Nicholas seafood or captain Pete's off avalon


----------



## maui (Mar 3, 2009)

Pensacola Beach, Peg Leg Petes. Pay the the $1 to get on the beach At the light turn Right drive a little its on the right
Enjoy
Maui


----------



## FlatsBoy10 (Dec 31, 2012)

Went to peg legs and it was excellent! Cheap! Gonna have to try some of the others! Thanks


----------



## Ultralite (Oct 1, 2007)

grouper22 said:


> I prefer to buy a box and shuck em myself. That is the cheapest way to go unless you find them for $2 a dozen somewhere.


:thumbsup:


----------



## sosmarine (Sep 28, 2007)

Navarre Seafood next to the car wash. They have an Oyster Bar too.


----------



## BananaTom (Feb 16, 2008)

aroundthehorn said:


> There is a place on Pensacola Beach that has them for free on Wednesdays. I think some of the misfits on here gather there.


*The Wednesday Night Free Oysters has shut down for the winter. Stay tuned for Spring.*


----------



## Mikvi (Mar 11, 2008)

Best I've had at the beach were at the Grand Marlin. Price was reasonable.


----------



## Ultralite (Oct 1, 2007)

Mikvi said:


> Best I've had at the beach were at the Grand Marlin. Price was reasonable.
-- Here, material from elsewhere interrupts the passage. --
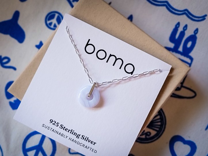 I’m allergic to nickel so I typically use 24K gold jewelry or pieces without metal. Anything less than 24K has additives, one of which is typically nickel that irritates and later scars my skin. Boma uses 925 sterling silver which means it’s 92.5% silver and free of many additives. I was gifted this necklace and I love it! It feels so light, it’s like I’m not wearing anything and looks gorgeous! Blue Lace Agate brings an optimistic outlook and helps one speak their truth. The color is a nice contrast on my skin tone. I’m a fan of Boma!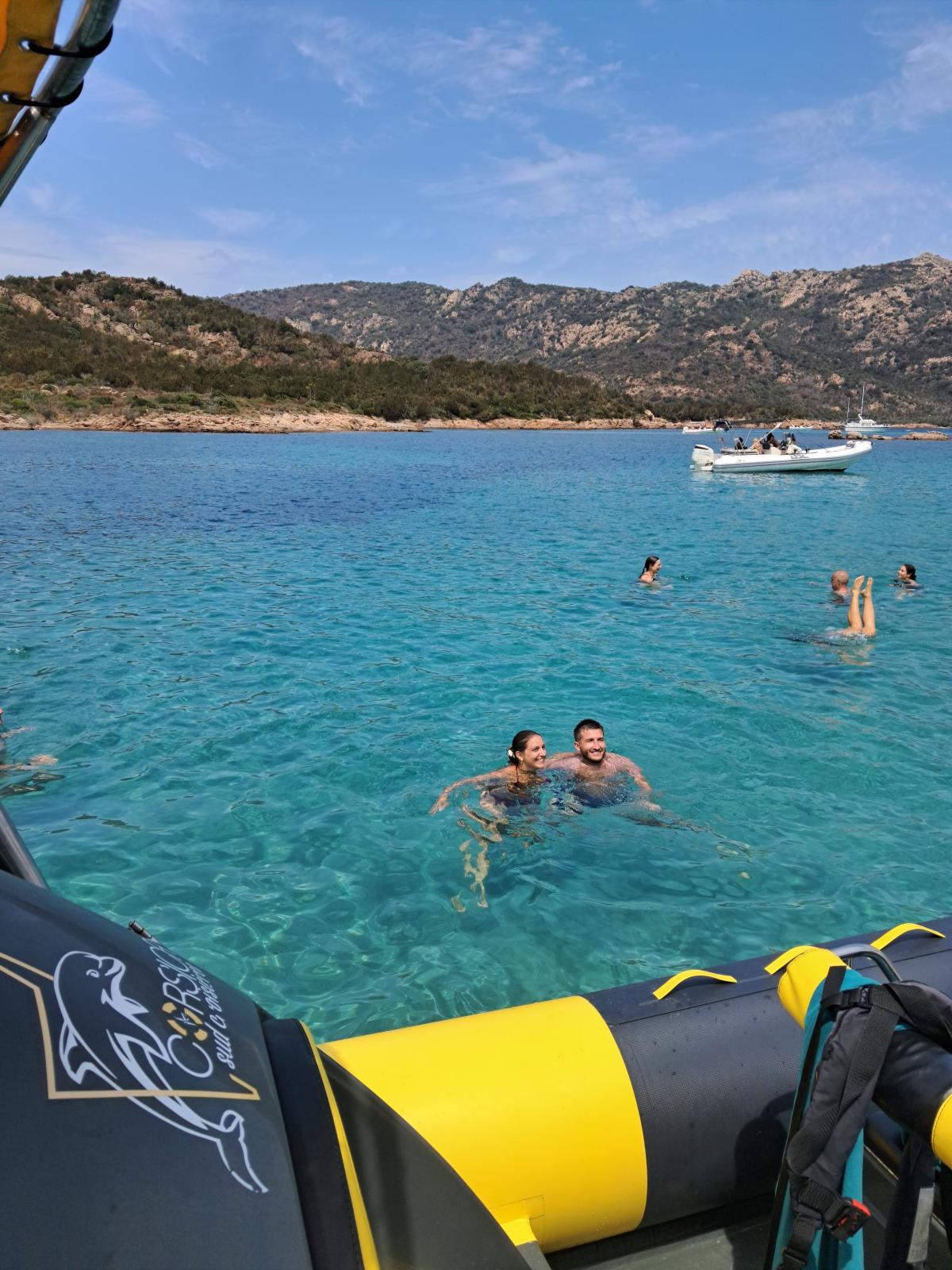 Next, we anchor in the calm, crystal-clear waters of Fazzio Lagoon. On board, you will be offered a Corsican aperitif: charcuterie, cheese, wine, beer and cold drinks. Seascooters, masks and snorkels are available to prolong your time in the water.

$9.95 /doz. or $6.50 /1/2 doz.????

you've got to be kidding right? pffftt...


----------



## cuzmondo (Oct 1, 2007)

FlatsBoy10 said:


> Does anyone know any local places in Navarre or Gulf Breeze or Pen Beach for good cheap oysters or just seafood... I like some deals! Ha thanks


Haven't been in a while, but if you're between GB and Navarre, Dave's Oyster Bar on Hwy. 98 has always been good to me. Not much variety on the menu, but their primary business is oysters.


----------



## specktackler57 (May 15, 2011)

nichols and the other place of theirs was terrible last i went.small illegle oysters.shuckums on hy 87 milton.the best


----------



## Clam (Nov 10, 2007)

I went to capt Pete's oyster house last weekend, same owner as Nichols, and asked where their oysters came from. The waitress said Texas. Sorry but I like my east bay and appalachacola oysters.


----------



## skint back (Oct 15, 2007)

Thought Capt Pete's was owned by Pete Nichols, and Nichols was purchased by by Pasco Gibson/Gibbons? Unless something has changed to different owners


----------



## cody&ryand (Oct 3, 2007)

skint back said:


> Thought Capt Pete's was owned by Pete Nichols, and Nichols was purchased by by Pasco Gibson/Gibbons? Unless something has changed to different owners


You are right different owners


----------



## cody&ryand (Oct 3, 2007)

Clam said:


> I went to capt Pete's oyster house last weekend, same owner as Nichols, and asked where their oysters came from. The waitress said Texas. Sorry but I like my east bay and appalachacola oysters.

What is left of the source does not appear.